TITLE: Tsam Damdinchoijoo
TYPE: helmet mask
GENERAL REGION: Asia
COUNTRY: Mongolia
ETHNICITY: Mongol
DESCRIPTION: Damdinchoijoo (Yama) Mask
CATALOG ID: ASMN001
MAKER: Gankhuyag (GanNa) Natsag (Ulaanbaatar, 1961- )
CEREMONY: Ikh Khuree Tsam Dance
AGE: ca. 1980s
MAIN MATERIAL: paper maché
OTHER MATERIALS: plaster; paint; cloth; cotton wadding; tempera paint; lacquer
The Hindu-Buddhist Tsam dance crossed the Himalayas from India in the late medieval age and became a popular ritual in northern India and throughout Nepal, Bhutan, and Tibet. From Tibet, it reached Mongolia in the early nineteenth century and was soon adopted by Buddhist monasteries there. The dance is performed on major religious holidays to invoke protective spirits and purify the region of evil influences.

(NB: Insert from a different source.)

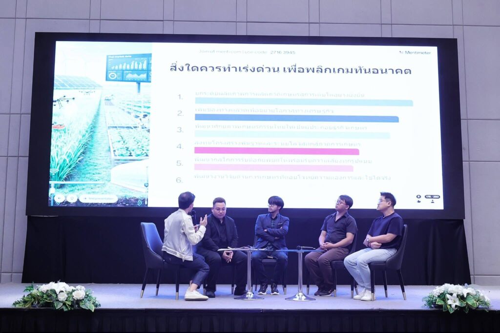 ทั้งนี้ ภายในงานช่วงบ่ายมีการจัดเวทีเสวนาหัวข้อ จับเข่าคุย “พลิกเกมเกษตรทันอนาคต” เพื่อแลกเปลี่ยนมุมมองและประสบการณ์จากเกษตรกรรุ่นใหม่และผู้เชี่ยวชาญด้านนวัตกรรมและโมเดลธุรกิจที่ประสบความสำเร็จในการปรับตัว โดยมีผู้ร่วมเสวนาประกอบด้วย 1) นายณัฐวุฒิ จันทร์เรือง เจ้าของสวนจันทร์เรือง 2) นายผดุงพล สุคนธมนตรีกุล เจ้าของกิจการแม่ปลูกลูกขาย 3) ดร.ปรเมษฐ์ ชุ่มยิ้ม ที่ปรึกษาอาวุโสและผู้จัดการ Platform FI Accelerator และ 4) นายนิทัศน์ ศรีอุราม ผู้แทนจากโครงการฝึกงานผู้นำเยาวชนเกษตรกรไทยในประเทศญี่ปุ่น (JAEC) ดำเนินรายการโดย นายธีรวัฒน์ พึ่งทอง ผู้ประกาศข่าว MCOT ซึ่งได้รับความสนใจจากผู้เข้าร่วมงานเป็นจำนวนมาก
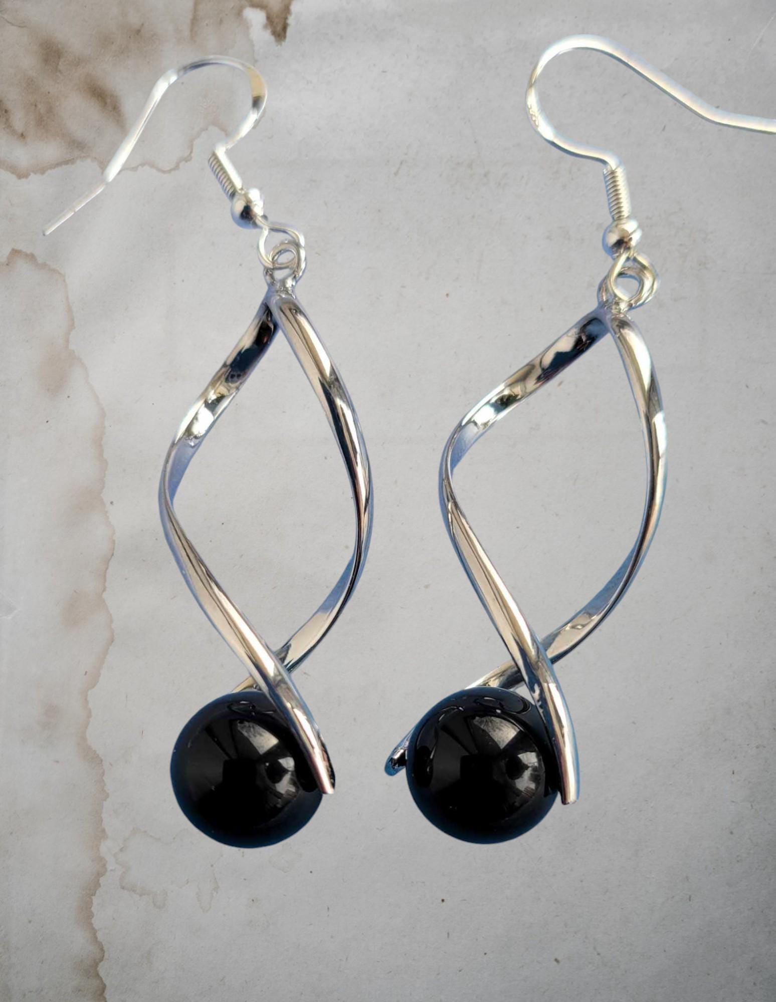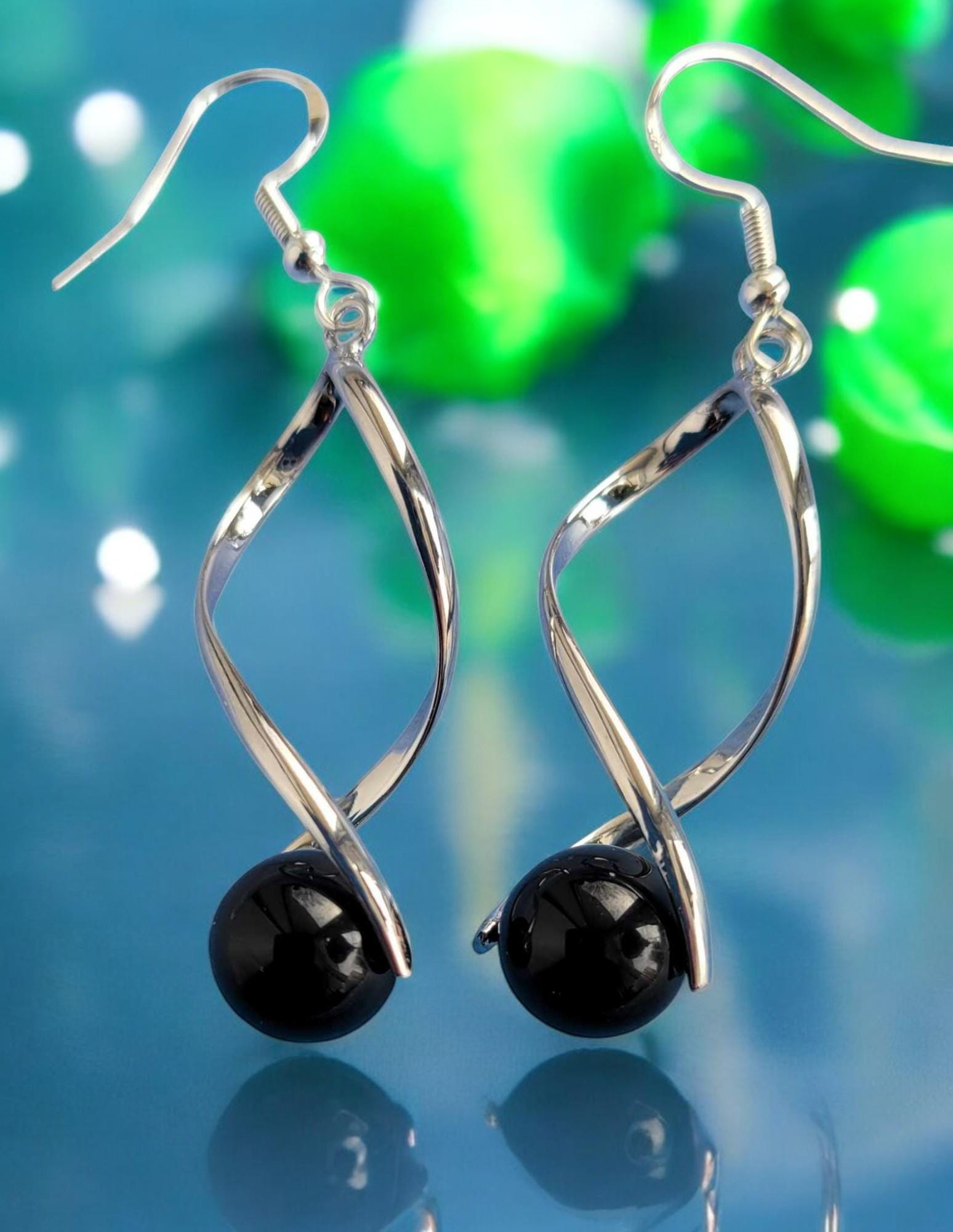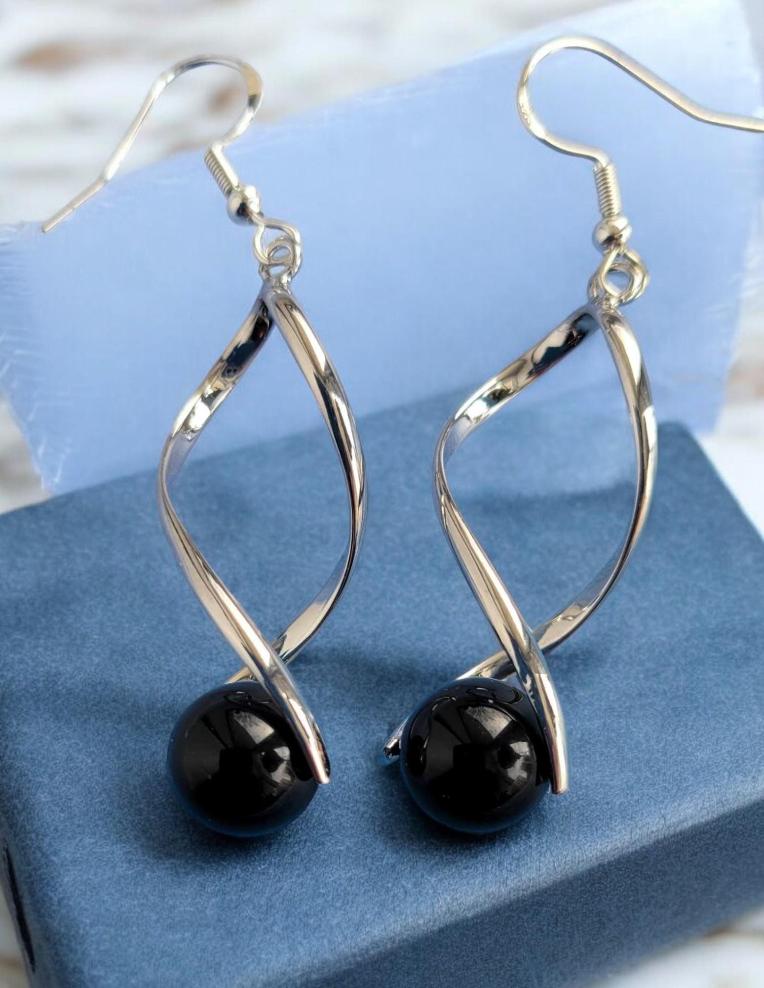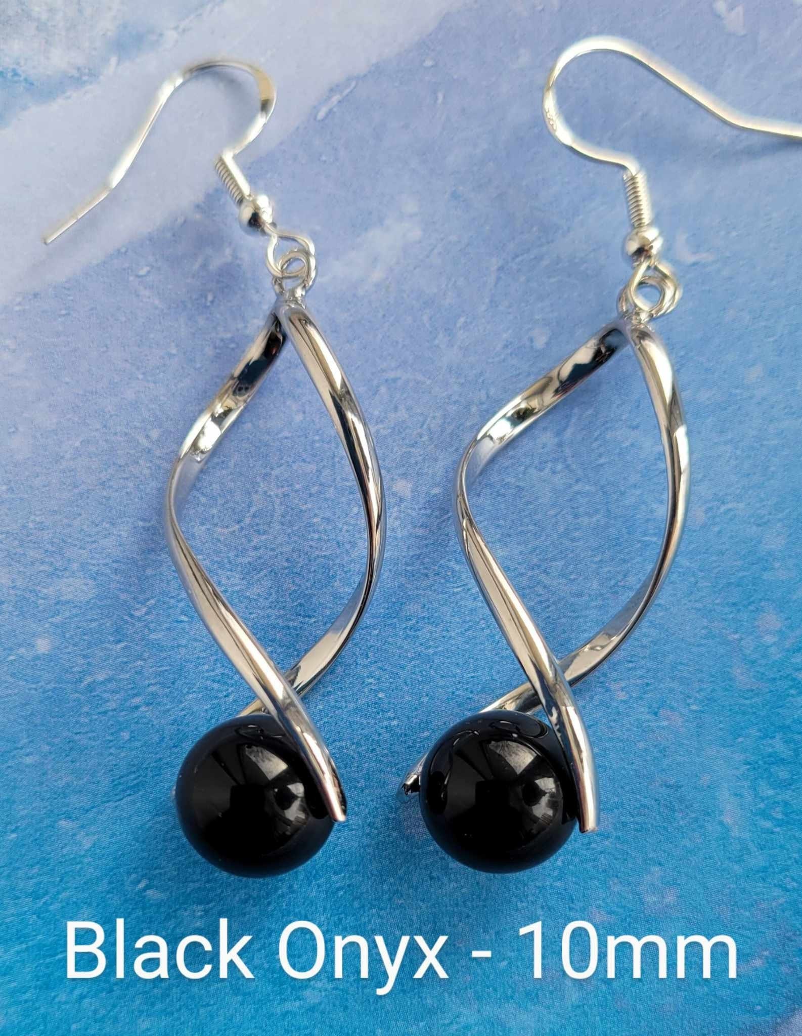 Black Onyx Silver Tone Twist Earrings (10mm)

This mask represents Damdinchoijoo, also known as Yama, the god of death, who judges whether the dead descend to the underworld to rise to paradise. In Hindu-Buddhist mythology, he is the son of Kali, the Hindu goddess of death. In the Tsam dance, he holds a magical weapon resembling a skeleton and a bowl made from a human skull.